CAPÍTULO 7

Barrio de Las Palomas (Madrid)

12 de mayo de 2016

El teléfono vibraba sobre la mesa. Una hora antes, Grace y Don habían mantenido una tensa conversación telefónica. La abogada le había insistido en que se calmara. Todo tendría una explicación. Por su parte, los inversores británicos todavía mantenían el temple y estaban dispuestos a continuar con el proyecto. Pero, para Don, la situación se enturbiaba por momentos. Al parecer, la inglesa se olvidaba de que era él quien estaba imputado. Poco se sabía de la víctima y eso le impedía llegar a una conclusión.

La claridad de la mañana golpeaba contra la fina pantalla del ordenador.
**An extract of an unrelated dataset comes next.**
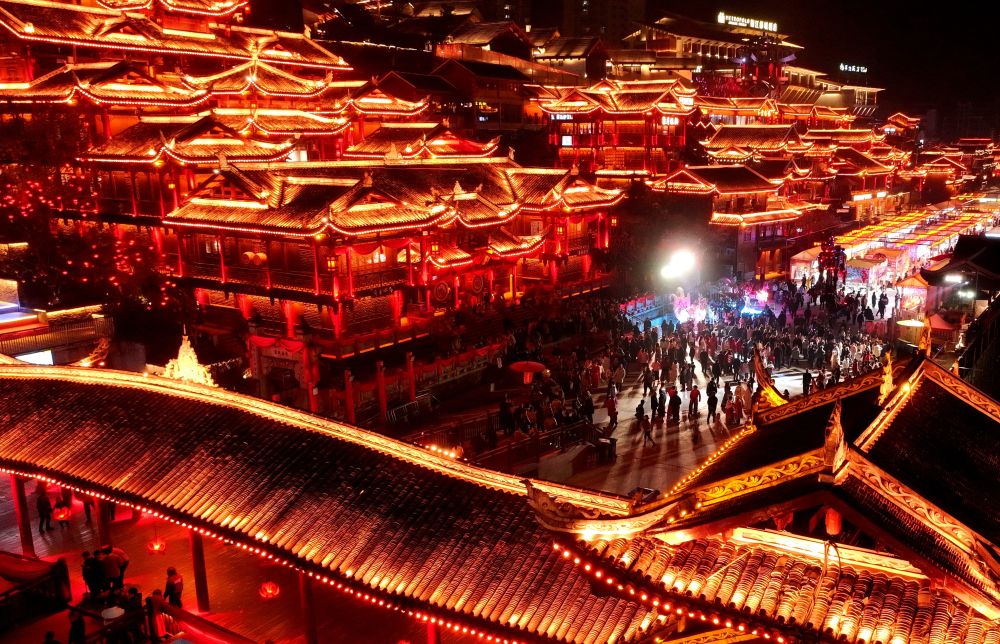↑ 2月6日,市民和游客在湖北省宣恩县贡水河畔观灯游玩赏夜景(无人机照片)。新华社发(宋文摄)

Físicamente estaba allí, aunque no sus pensamientos.

—¿Ricardo, lo vas a coger? —Preguntó Marlena. Llevaba una sugerente falda y una blusa con el primer botón desabrochado por el que dejaba ver un colgante—. Te están llamando.

De pronto, regresó a su cuerpo.

—Oh, sí —dijo tras un pequeño retardo y miró a la pantalla. Luego canceló la llamada—. No es importante.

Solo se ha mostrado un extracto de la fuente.